One of my all time favorite quotes, which came from one of Arthur Block's books of variants on Murphy's Law:

Nothing can be made foolproof because fools are just too darned ingenious!!

Sadly, their ingenuity is virtually always something that ends up in damage.

 

[britechguy]

No, but there's no way you can make the claim that anything approximating due diligence was paid when you operate a machine without updates that's connected to the Internet.

And, I'll hasten to add, on this point we are entirely in agreement. Nothing touches cyberspace that is not patched to the most recent level available.

 

[NJW]

It's a standalone system that is going to be used for people to access a single website so that they can donate money.

I understand what you're trying to do, but I can't see it being practical. I certainly wouldn't put my card details into such a system.

Have you though about a printed poster with a QR code directing to the donation site? Far fewer overheads and donors use their own devices (and data plans). Not as 'high tech', but less opportunity for things to go wrong. If you want to tart it up a bit, have a slideshow running on an offline RPi.

 

[nlinecomputers]

This is a problem that can be solved with a sign and a QR code Pointing to the URL of the website. Let the clients use their own cell phones not a risky kiosk. The other option is to not use Windows. Linux on a raspberry pi.

 

[nlinecomputers]

I understand what you're trying to do, but I can't see it being practical. I certainly wouldn't put my card details into such a system.

Have you though about a printed poster with a QR code directing to the donation site? Far fewer overheads and donors use their own devices (and data plans). Not as 'high tech', but less opportunity for things to go wrong. If you want to tart it up a bit, have a slideshow running on an offline RPi.

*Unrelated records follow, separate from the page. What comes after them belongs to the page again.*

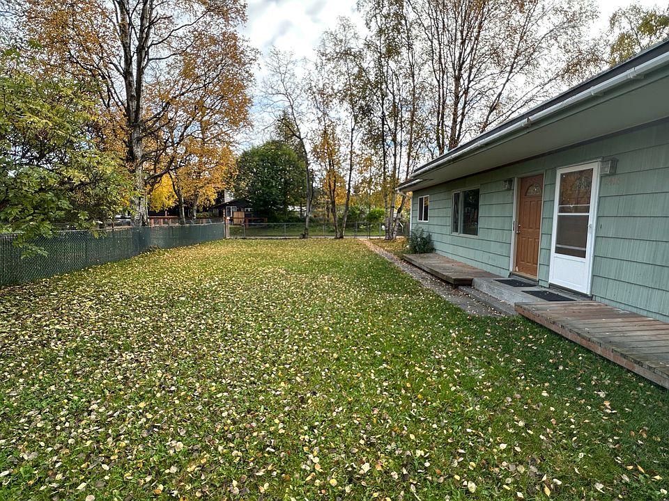 This unit shares a large, grass yard with unit 2, but also has its own private yard with storage shed.
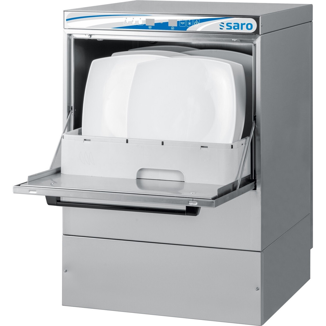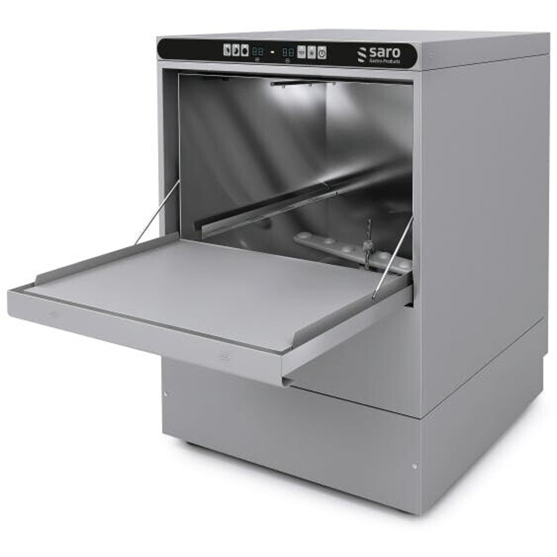 Die Saro Spülmaschine Nürnberg 440-1015 ist ein robuster Gewerbegeschirrspüler, der speziell für den Einsatz in der Gastronomie entwickelt wurde. Mit ihrem silbernen Design und den kompakten Maßen von 57 cm Breite, 60 cm Tiefe und 83 cm Höhe fügt sie sich nahtlos in jede Großküche ein. Der integrierte Besteckkorb sorgt für eine effiziente und gründliche Reinigung Ihres Bestecks.
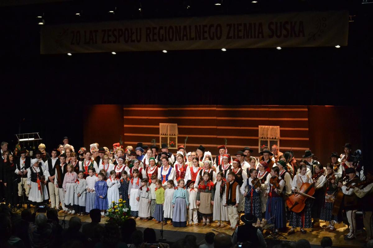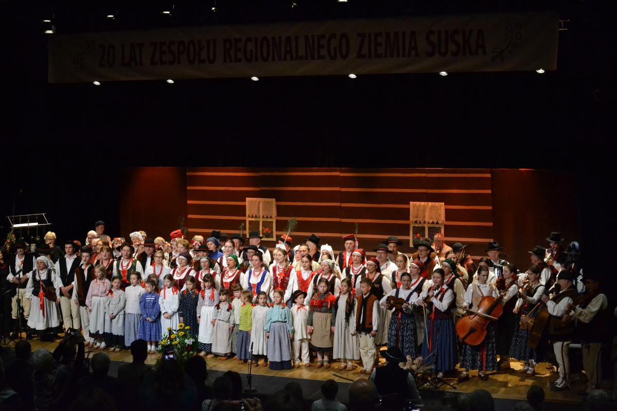 W sobotę, 15 listopada sala widowiskowa Centrum Kultury i Filmu w Suchej Beskidzkiej wypełniła się po brzegi miłośnikami folkloru z burmistrzem miasta Stanisławem Lichosytem na czele, którzy przyjęli otwarte zaproszenie na jubileusz 20-lecia Zespołu Regionalnego „Ziemia Suska”. Uroczystość stała się nie tylko świętem zespołu, ale też sentymentalną podróżą przez dwie dekady działalności grupy, która z oddaniem pielęgnuje tradycje Górali Babiogórskich.
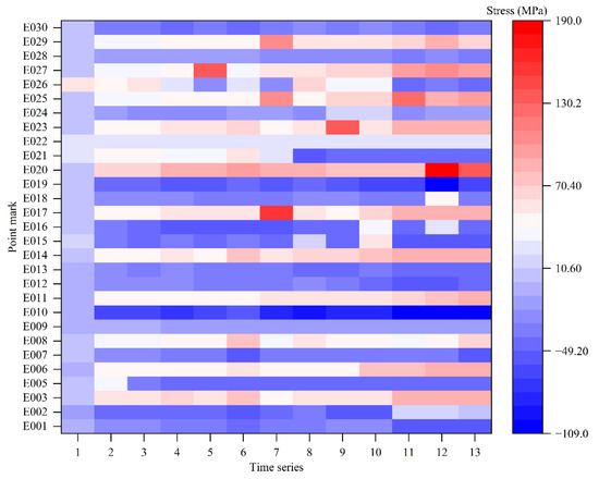 The monitoring points were monitored along with the gradual hoisting of the valve hall grid structure. To ensure the reliability and continuity of the monitoring data, the damage point E004 was eliminated in advance. The intelligent real-time analysis system, based on the mechanical properties of the members in the whole hoisting process of the grid structure, collected the monitoring data (Figure 8). This test was based on 13 time series data points from four stages of member stress monitoring data obtained at key monitoring points (E001, E002, E003, and E005–E030) (Figure 9). Figure 9 shows the change in stress values at each monitoring point in the time series. We can measure the stress value by color. The monitoring stress of the series (E002, E003, and E005–E030) was used as the input data to predict the stress of E001. Then, the stress of the series (E001, E003, and E005–E030) was used as the input data to predict the stress of E002. The process was completed by analogy until 29 model training samples were established.
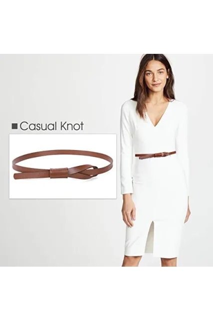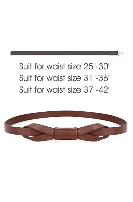 - How long and wide is this women belt?--- The skinny belt is suitable for waist size from 25”-41”, which covers the size from small size to plus size. Width 0.55 inch that is very skinny and thin for your dress.
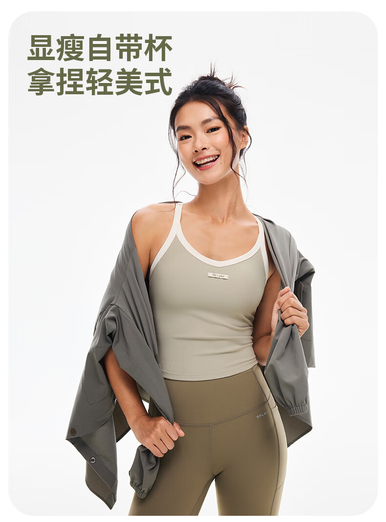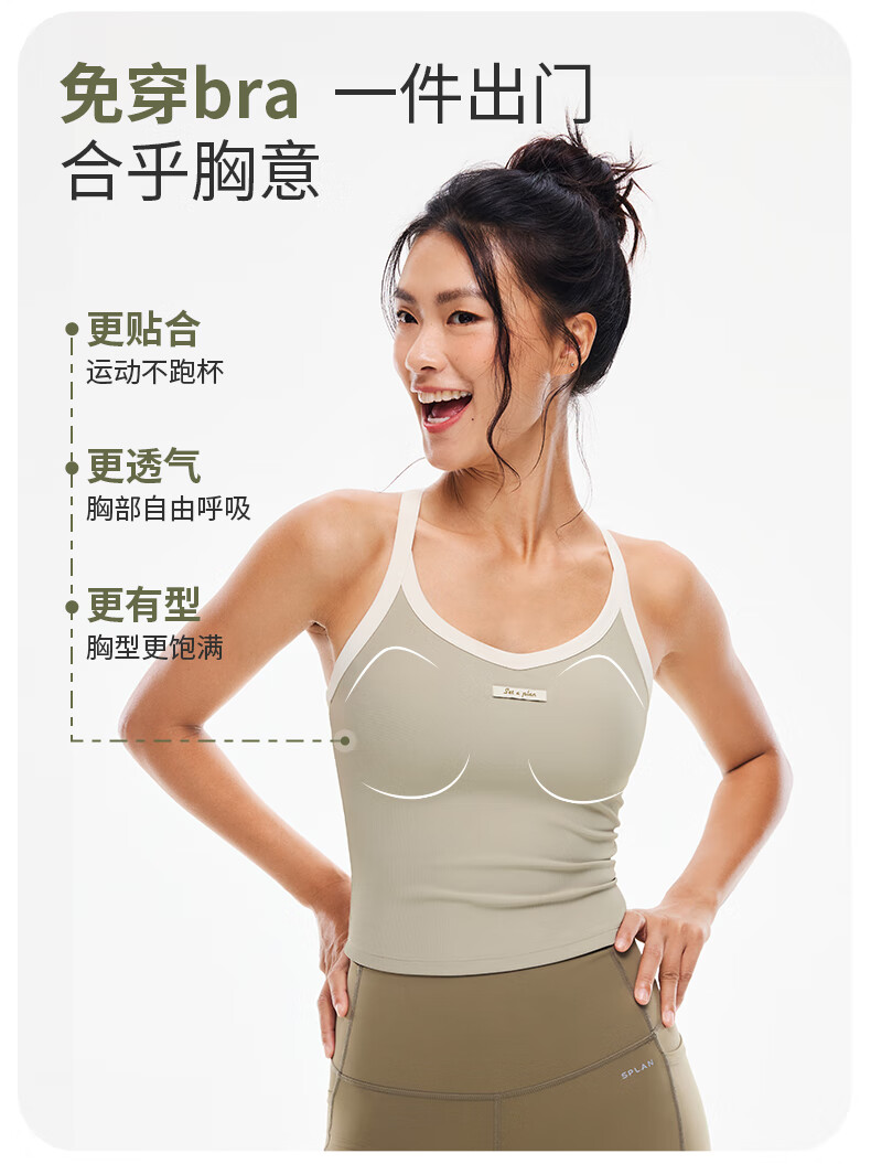 SPLAN-S++ comes with a cup sports vest for women to wear as a beautiful back dance yoga fitness suspender underwear quick-drying khaki green S
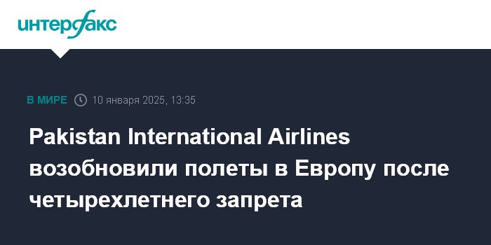 Москва. 10 января. INTERFAX.RU - Государственный авиаперевозчик Пакистана Pakistan International Airlines (PIA) возобновил прямые полеты в европейские страны после того, как Европейское агентство безопасности полетов (EASA) отменило действовавший четыре года запрет, сообщает AP.
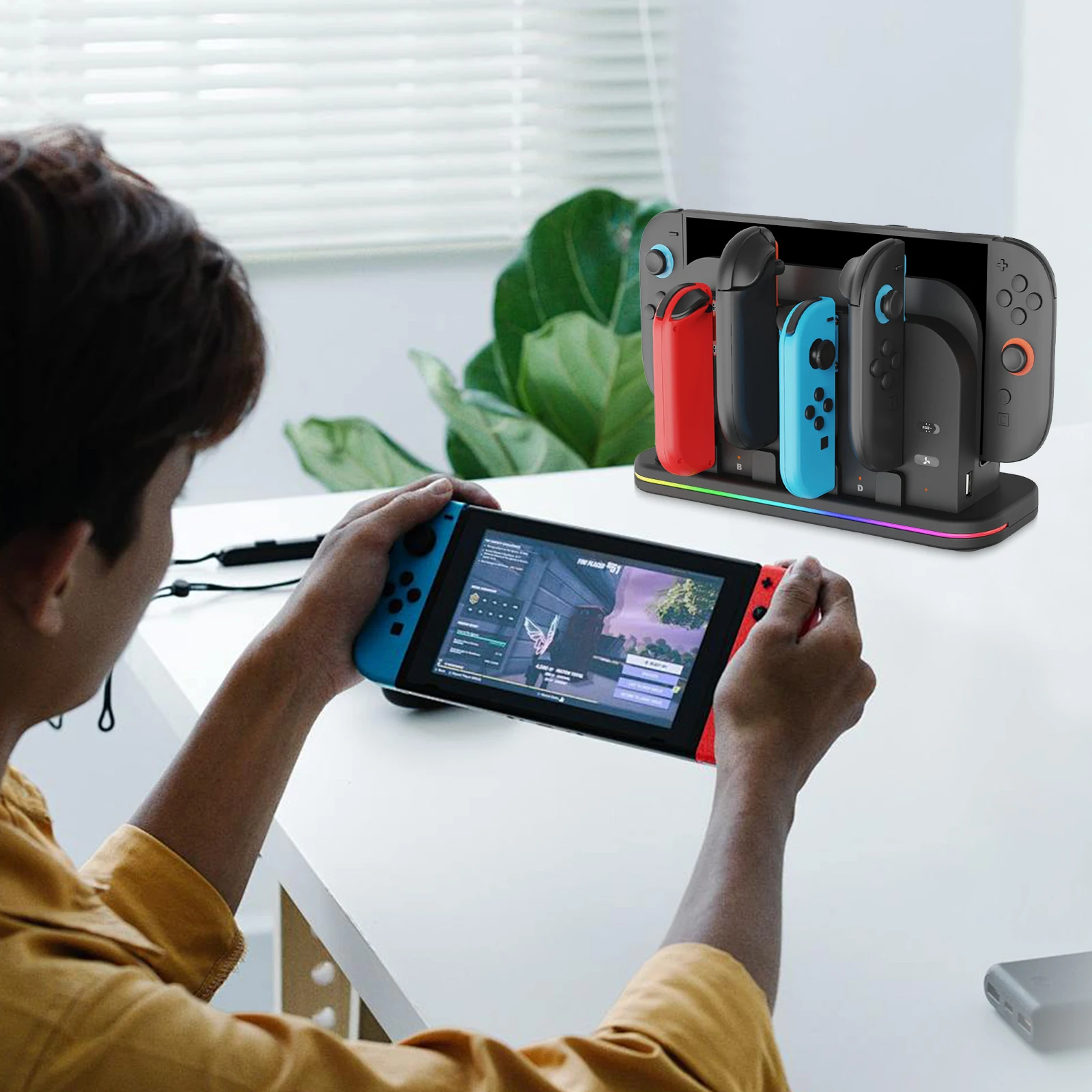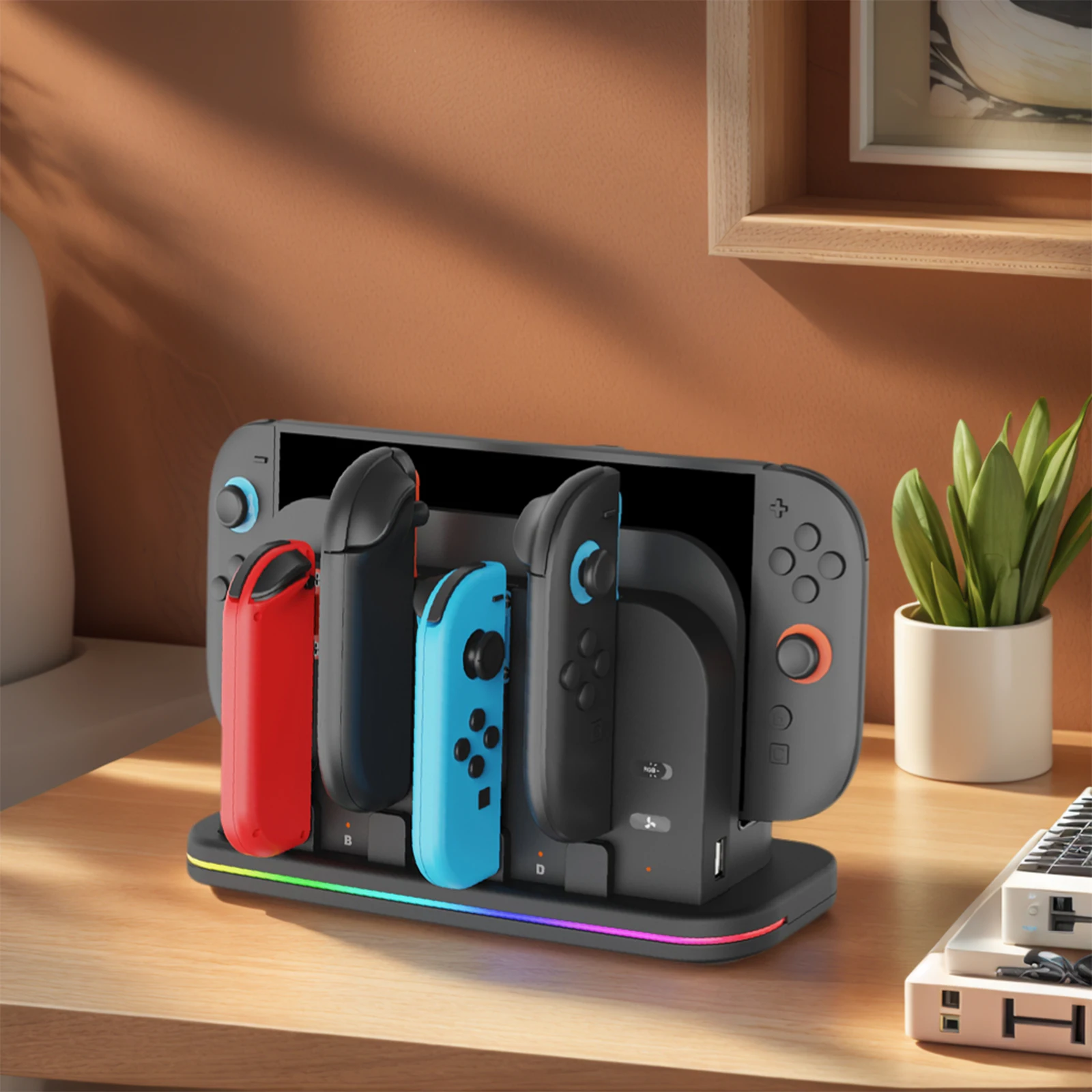 2.Carga de múltiples dispositivos:Equipado con 8 ranuras de carga, este soporte externo para consola de juegos admite la carga simultánea de 1 a 4 controladores Joypad N-S o N-S 2.Mantenga sus controladores listos para la acción y disfrute de juegos multijugador ininterrumpidos con amigos y familiares.
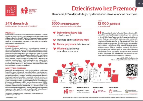 Kampania Dzieciństwo bez Przemocy jest coroczną, ogólnopolską akcją, mobilizującą całe społeczeństwo do zapobiegania krzywdzeniu dzieci oraz podejmowania działań na rzecz budowania bezpiecznego dzieciństwa, które daje dziecku moc. Kampania organizowana jest przez Fundację Dajemy Dzieciom Siłę oraz Krajową Koalicję na rzecz Ochrony Dzieci.
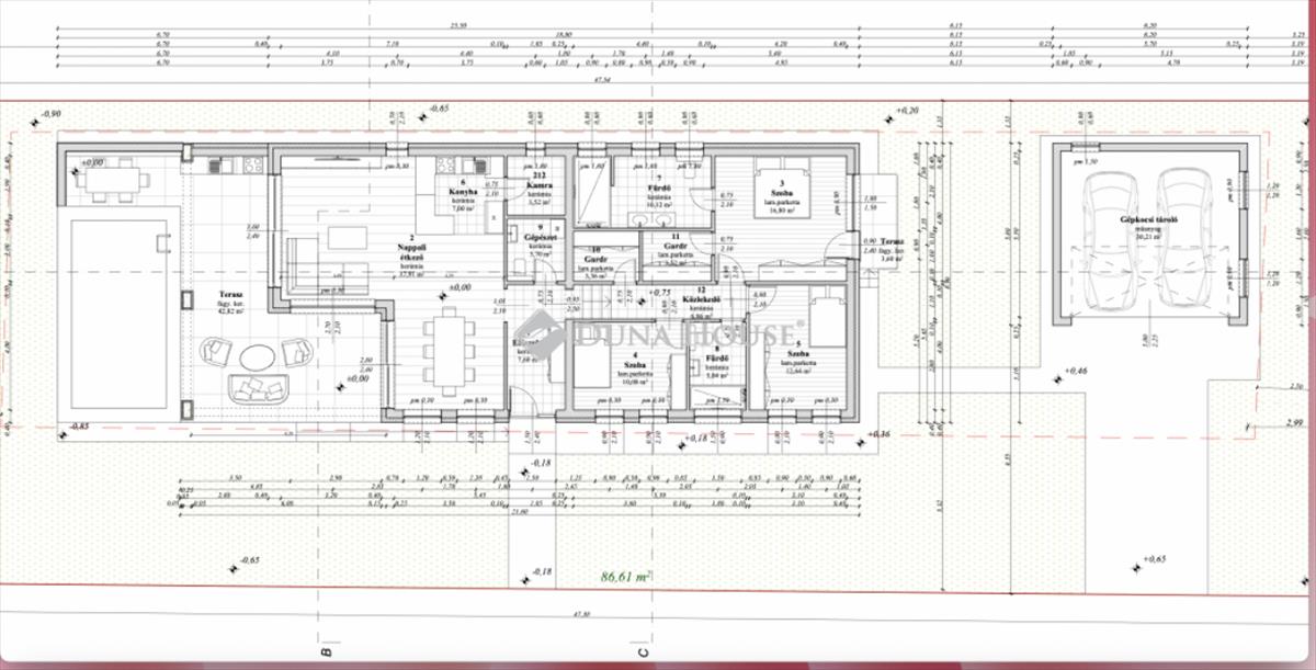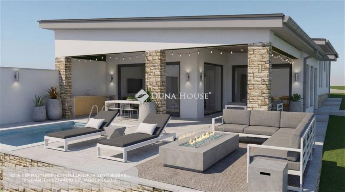 Sóskút legszebb utcájában minőségi, új otthon eladó! Medencével és önálló dupla állásos garázzsal! Csok Plusz és 3 % osp kompatibilis! Sóskúton eladó egy nettó 128, 15 m2 + 42 m2 teraszkapcsolattal egy minimál stílusú önálló családi ház. Csendes, aszfaltozott, rendezett utcában található, szép házak és erdő környezetében. a telken található egy önálló 2 állásos tégla építésű garázs is, mely 30 m2-es. Ház körül és a terasz térkövezve. Telekterület összesen 738 m2. Elosztását tekintve:- Tágas és napfényes amerikai konyhás nappali, 42 m2-es hangulatos terasz és medence kapcsolattal. a medence 8x 3, 5 méteres. Fedett terasz részen pedig épített sütögető rész. - Kamra- 3 jó méretű szoba- 16, 80 m2-es Master bedroom saját 10 m2-es fürdővel és gardrób helyiséggel- Fürdőszoba- Gardrób - Háztartási helyiség gépészettelMűszaki adatok:- 30 cm Porotherm tégla falazat, 10 cm tégla válaszfalak- 15 cm homlokzati szigetelés- 8 KW-os Hőszivattyú fűtés- Minden helyiségben padlófűtés- Tetőn korcolt lemezfedés- Vasbeton födém, 30 cm szigeteléssel- 3 rétegű 5 légkamrás minőségi nyílászárók- Riasztó kiépítve- Szaniterek- Hideg/meleg burkolatok 8000 Ft/m2- Beltéri ajtók / 100 000 Ft /db/ - 5 ponton záródó bejárati ajtó Az építkezés szerkezetkész állapotnál tart így már besétálhat és elképzelheti leendő otthonát. Megtekintés után minden a házzal kapcsolatos dokumentáció rendelkezésre áll. EXTRÁK:- Térkövezés a házzal megegyező színvilággal- Minden nyílászáron elektromos vezérlésű redőnyök egyedi színben- 1 db klíma készülékVárható átadás: 2026 Nyár. a medence és az épített garázs ára +15 000 000 Ft a vételáron felül. Iskola, óvoda, bevásárlási lehetőségek, m7 autópálya perceken belül elérhetőek. További információkért hívjon a megadott telefonszámon.
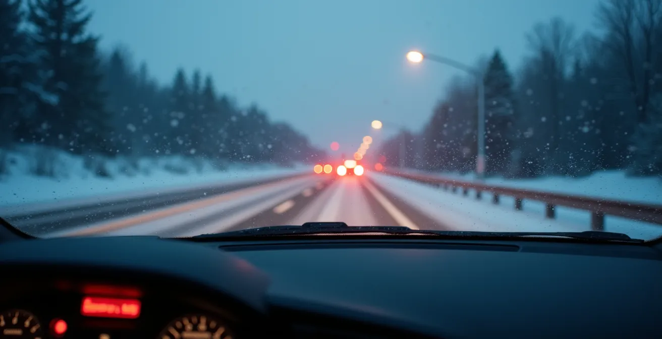 Detecting it requires using all your senses. The most reliable visual cue is a patch of road that looks glossy and wet on a day when it should be dry and frozen. Another powerful indicator is auditory: a sudden silence. If the sound of your tires on the pavement disappears, it likely means they are no longer in contact with the road, but with a sheet of ice. Be especially vigilant in high-risk locations like bridges, overpasses, and shaded areas, which freeze faster than the main roadbed. Along Highway 20, this is particularly true for stretches near the St. Lawrence River where cold, moist air settles.
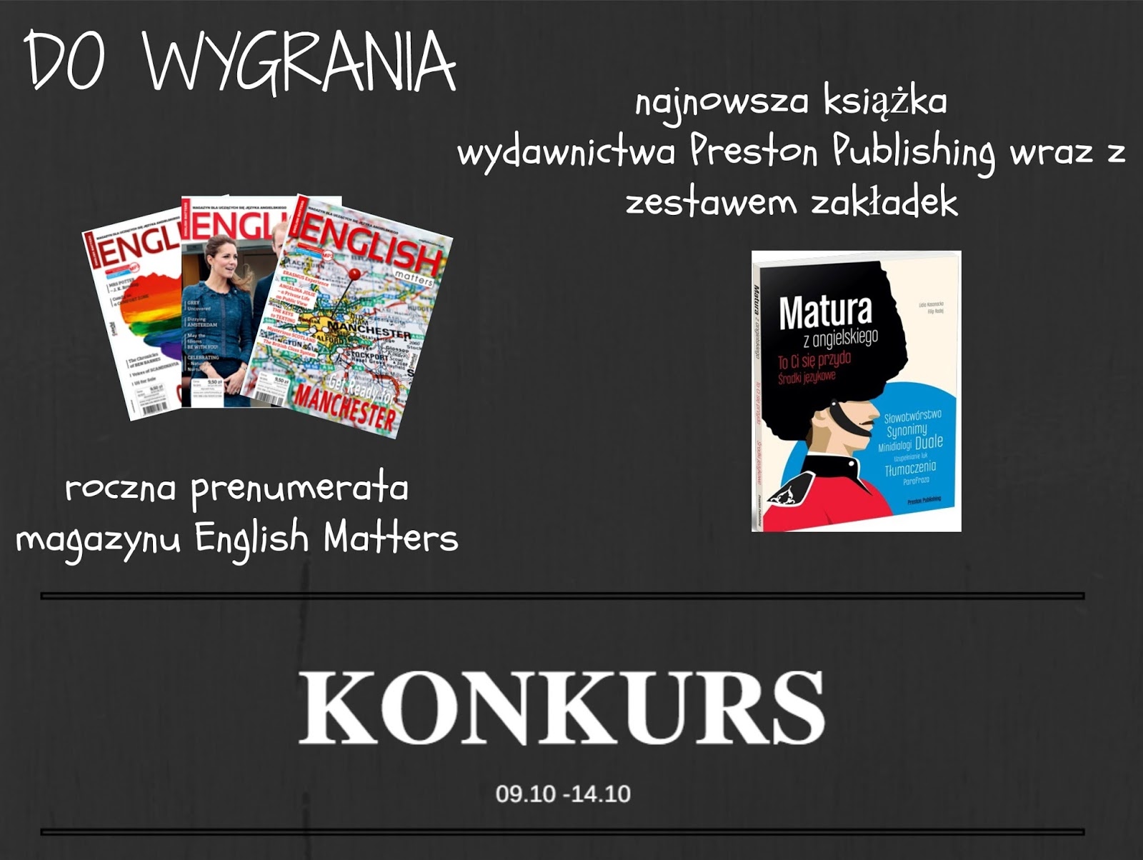 Roczna prenumerata magazynu English Matters ufundowana przez wydawnictwo Colorful Media oraz książka Matura z angielskiego. To Ci się przyda. Środki językowe wraz z zestawem zakładek od wydawnictwa Preston Publishing.
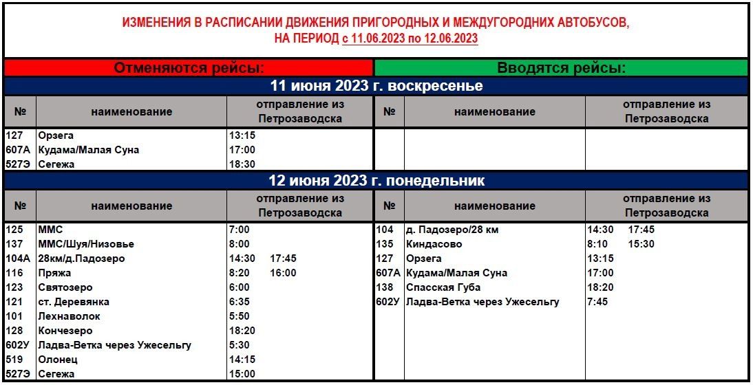 В предпраздничный день, 11 июня, рейсы по пригородным маршрутам будут выполняться по расписанию субботы. Не состоятся рейсы №127 на Орзегу в 13:15, №607-а «Кудама/Малая Суна» в 17:00 , №527-э в Сегежу в 18:30.
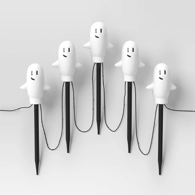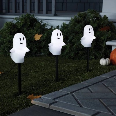 Bring a scary update to your Halloween decor with these 5-Count LED Ghost Pathway Lights with Chasing Light Effect and Timer from Hyde and EEK! Boutiqueâ„¢. These Halloween pathway lights showcase LED cool white ghosts designed with a chasing light effect and a timer to cast a scary-festive glow that completes your outdoor display. It includes black ground stakes for an easy and secure display. Place them along a walkway or in your yard to light up the night.

We think alike. Made my post before I saw yours. Lol

 

[britechguy]

We think alike. Made my post before I saw yours. Lol

From an implementation perspective, I'm absolutely with you and @NJW.

What would be interesting (and will never be known, I know) is whether a static presentation like a poster with a QR code versus some more "interactive" interface would result in any significant difference in donations.

When you're seeking "free money" these considerations can matter quite a bit. And it's just amazing what can drive behavior.